* DATA SHOWN:
---
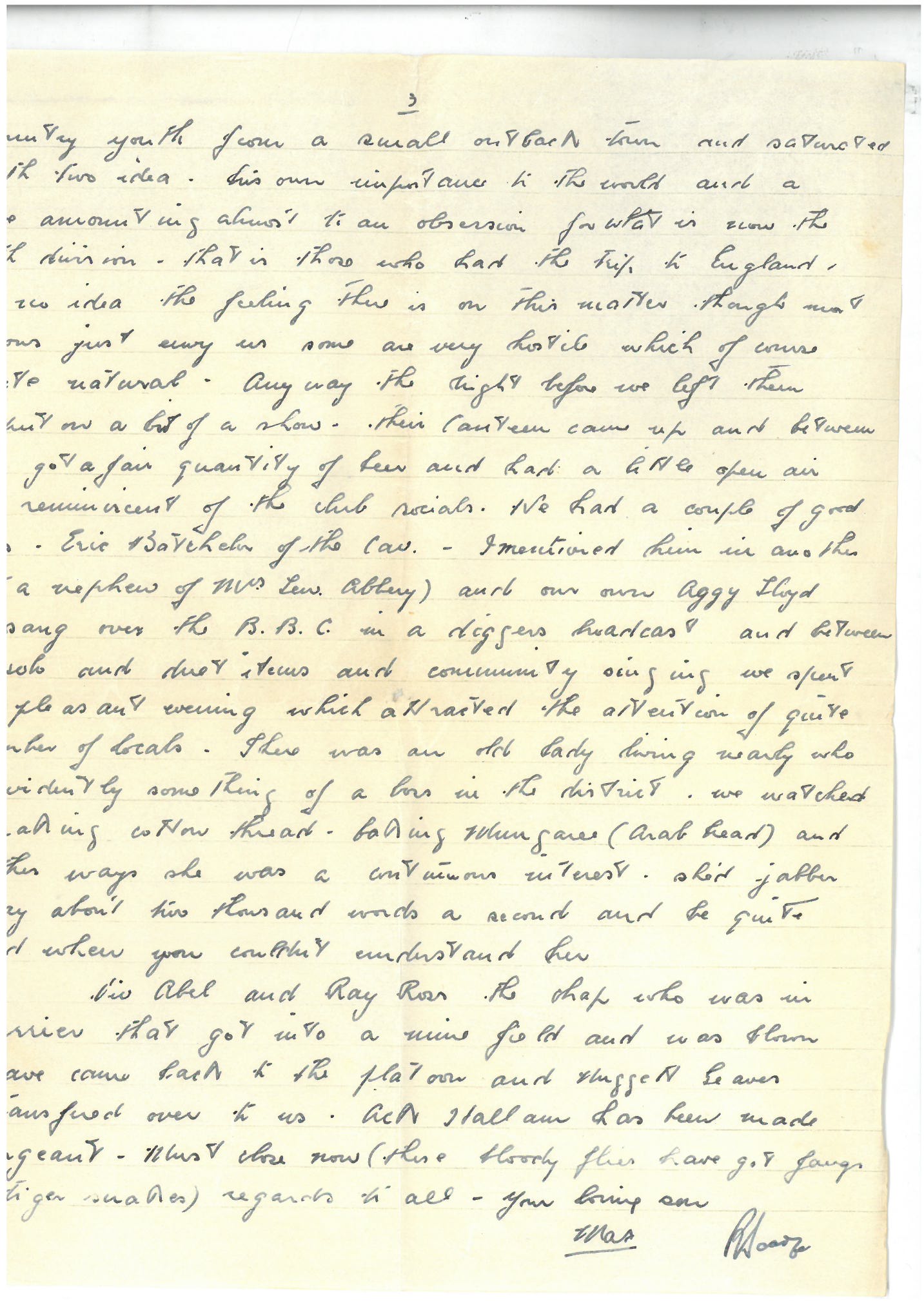 Some of us were camped near a batch of the sixth division cavalry for a bit over a week – a great crowd of fellows except for one sergeant who as I later found out is a country youth from a small outback town and saturated with two ideas – his own importance to the world and a dislike amounting almost to an obsession for what is now the seventh division – that is those who had the trip to England. You’ve no idea the feeling there is on this matter – though most fellows just envy us some are very hostile which of course is quite natural. Anyway the night before we left them they put on a bit of a show. Their canteen came up and between us we got a fair quantity of beer and had a little open air party reminiscent of the club socials. We had a couple of good singers – Eric Batchelor of the Cav – I mentioned him in another letter (a nephew of Mrs Lew Abbery) and our own Aggy Lloyd who sang over the BBC in a diggers broadcast- and between their solo and duet items and community singing we spent a very pleasant evening which attracted the attention of quite a number of locals. There was an old lady living nearby who was evidently something of a boss in the district. We watched her making cotton thread, baking Mungaree (Arab bread) and in other ways she was a continuous interest. She’d jabber away about two thousand words a second and be quite annoyed when you couldn’t understand her.
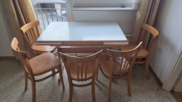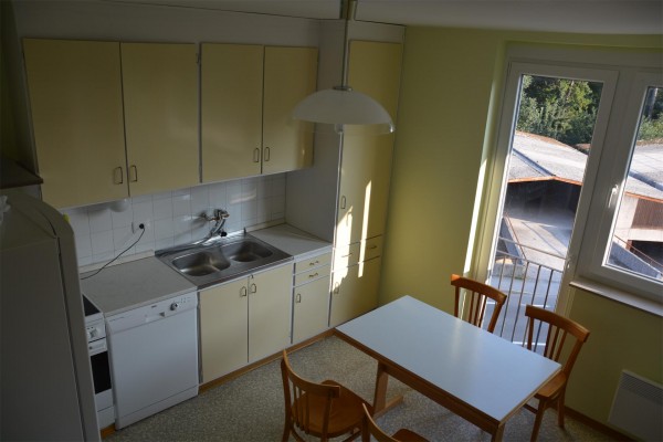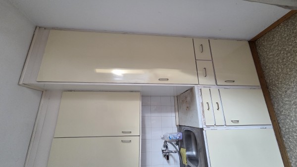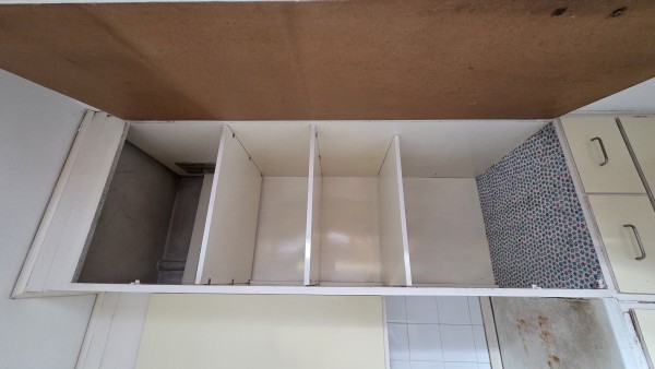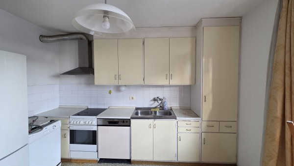 Kuhinja je stra, na pultu so zažrti madeži, omarice okoli korita so slabše ohranjene zaradi vlage. Nekateri stoli so slabše ohranjeni.
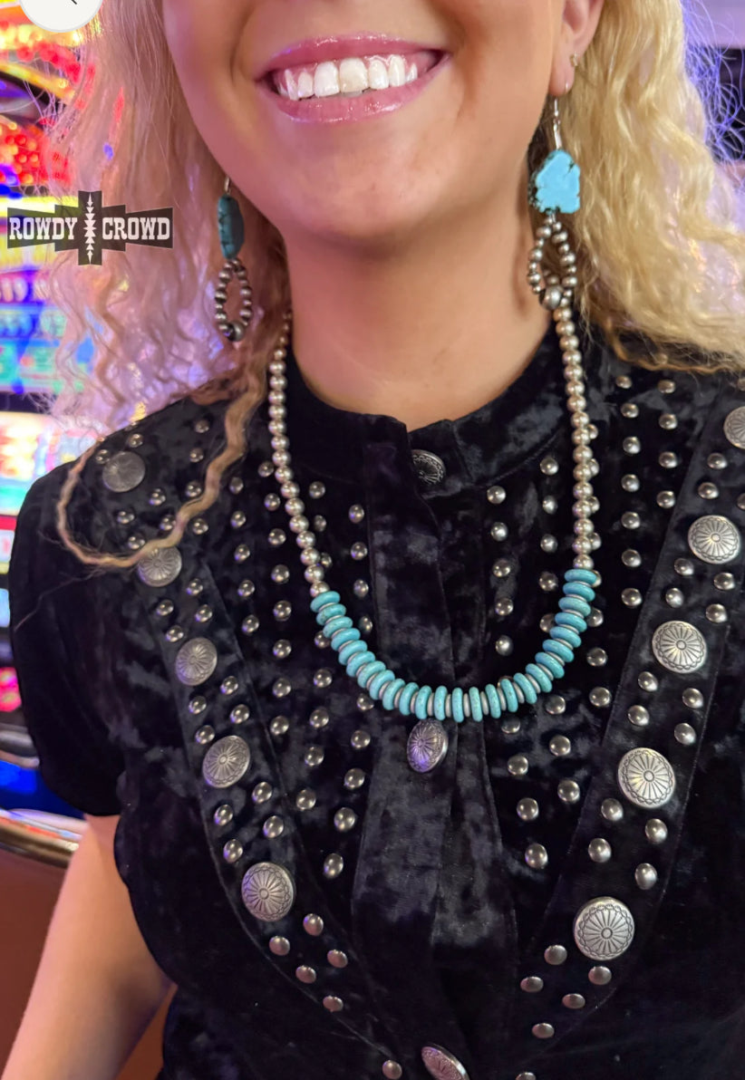 The Mesquite Necklace blends bold turquoise vibes with classic western silver for a look that never misses. Chunky turquoise disc beads are framed by smooth silver pearls, creating the perfect balance of statement and staple. It’s eye-catching, versatile, and designed to elevate everything from graphic tees to your dressiest rodeo fit.
---
* WHAT YOU ARE ASKED TO DO:
Once the pictures are set aside, the remaining data must be transcribed exactly.

* EXPECTED ANSWER:
 Some of us were camped near a batch of the sixth division cavalry for a bit over a week – a great crowd of fellows except for one sergeant who as I later found out is a country youth from a small outback town and saturated with two ideas – his own importance to the world and a dislike amounting almost to an obsession for what is now the seventh division – that is those who had the trip to England. You’ve no idea the feeling there is on this matter – though most fellows just envy us some are very hostile which of course is quite natural. Anyway the night before we left them they put on a bit of a show. Their canteen came up and between us we got a fair quantity of beer and had a little open air party reminiscent of the club socials. We had a couple of good singers – Eric Batchelor of the Cav – I mentioned him in another letter (a nephew of Mrs Lew Abbery) and our own Aggy Lloyd who sang over the BBC in a diggers broadcast- and between their solo and duet items and community singing we spent a very pleasant evening which attracted the attention of quite a number of locals. There was an old lady living nearby who was evidently something of a boss in the district. We watched her making cotton thread, baking Mungaree (Arab bread) and in other ways she was a continuous interest. She’d jabber away about two thousand words a second and be quite annoyed when you couldn’t understand her.
 Kuhinja je stra, na pultu so zažrti madeži, omarice okoli korita so slabše ohranjene zaradi vlage. Nekateri stoli so slabše ohranjeni.
 The Mesquite Necklace blends bold turquoise vibes with classic western silver for a look that never misses. Chunky turquoise disc beads are framed by smooth silver pearls, creating the perfect balance of statement and staple. It’s eye-catching, versatile, and designed to elevate everything from graphic tees to your dressiest rodeo fit.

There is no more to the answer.